Piano playing a part in fine-tuning rising star Auger-Aliassime
Striking the right note off court can help Felix Auger-Aliassime call the tune and become one of tennis' great entertainers.
That is what is being preached by Frederic Fontang, one of two coaches nurturing the talent of a teenage prodigy who has experienced a rapid rise this season.
Auger-Aliassime only turned 18 last August, but the Canadian has carried big expectations on his shoulders since becoming the youngest player to win a main-draw match on the ATP Challenger Tour aged only 14.
The Montreal native fuelled further hype when he was crowned US Open boys champion in 2016, before going on to win four Challenger titles.
Auger-Aliassime has soared to new heights this year, becoming the youngest ever Miami Open semi-finalist last week after marching into a first ATP Tour final in Rio back in February.
After climbing from outside the top 100 to 33rd in the space of six weeks, the gifted youngster is enjoying some hard-earned time off before starting his clay-court season.
Fontang - who shares coaching responsibilities with Guillaume Marx - believes some alternative fine-tuning is playing a key part in the development of a player who would have become an artist if his tennis career had not taken off.
"After what Felix achieved in Miami, it was great that he could have two weeks off before the Monte Carlo Masters," Fontang told Omnisport.
"He went back to Montreal and has time to recover, which is really important. He will of course do some work on his game and fitness training, but can also have time to relax.

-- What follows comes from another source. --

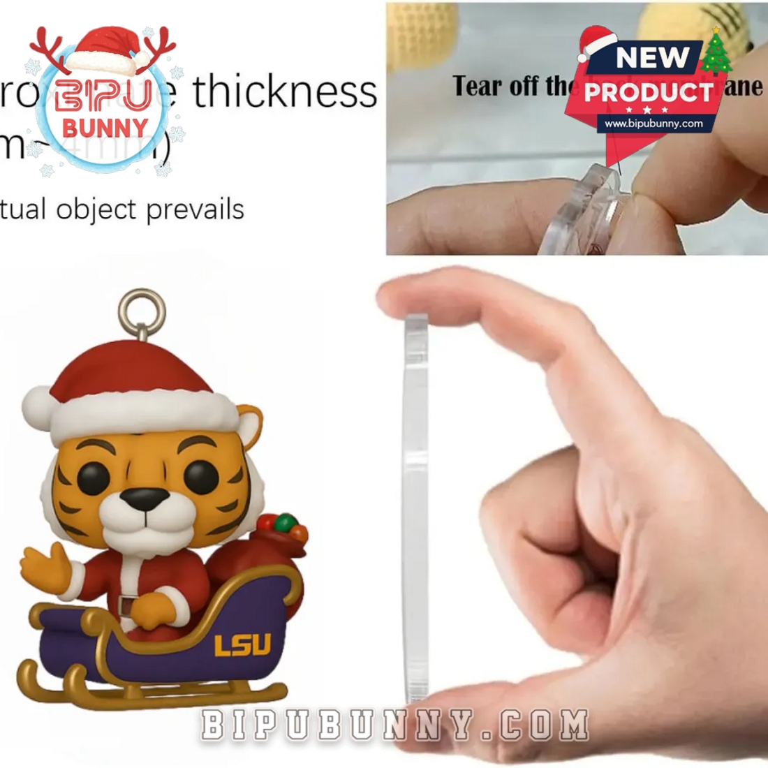 The overall design is rich in LSU purple and gold, enhanced with festive patterns like snowflakes, paw prints, and sports emblems (baseball, football) on both the box and characters. Every ornament comes with a top loop for easy hanging — perfect for Christmas trees, dorm décor, or even your car mirror. One tiny but fun detail: each piece includes a protective film you peel off before use, keeping your ornaments flawless right out of the box.

"He likes to play the piano, so no doubt he will be doing that in his time off. Sometimes when there is a piano when we are touring, he will play.
"He played at Indian Wells, because there was a piano in the lobby. His sister was playing as well, it is something he really enjoys. It is not really something I have known a player to do and I think it is great."
It may not be long before he is tickling the ivories to celebrate winning a first ATP Tour title, but Frenchman Fontang says it is important not to expect too much so early in his career.
Fontang, in his third season coaching Auger-Aliassime, added: "We are really focused on the development, everybody will be looking at his results and seeing when he is going to win but it's very important that we stay focused on the process.
"We know he has the firepower, is very athletic and is a good server, but we have to keep working on the precision and the transition to the net for him to improve on all surfaces. There will be no prediction on what he can achieve, it is all about the development of his game now."
Fontang was prepared to serve up a verdict on an exciting crop of Next Gen players that will be music to the ears of tennis fanatics.
He said: "When we see the spectacular game of players such as Felix, [Denis] Shapovalov, [Alexander] Zverev, [Stefanos] Tsitsipas etc, we can see there is a lot of quality young players and it is exciting. They have interesting personalities and athletic games, so it is very positive for tennis."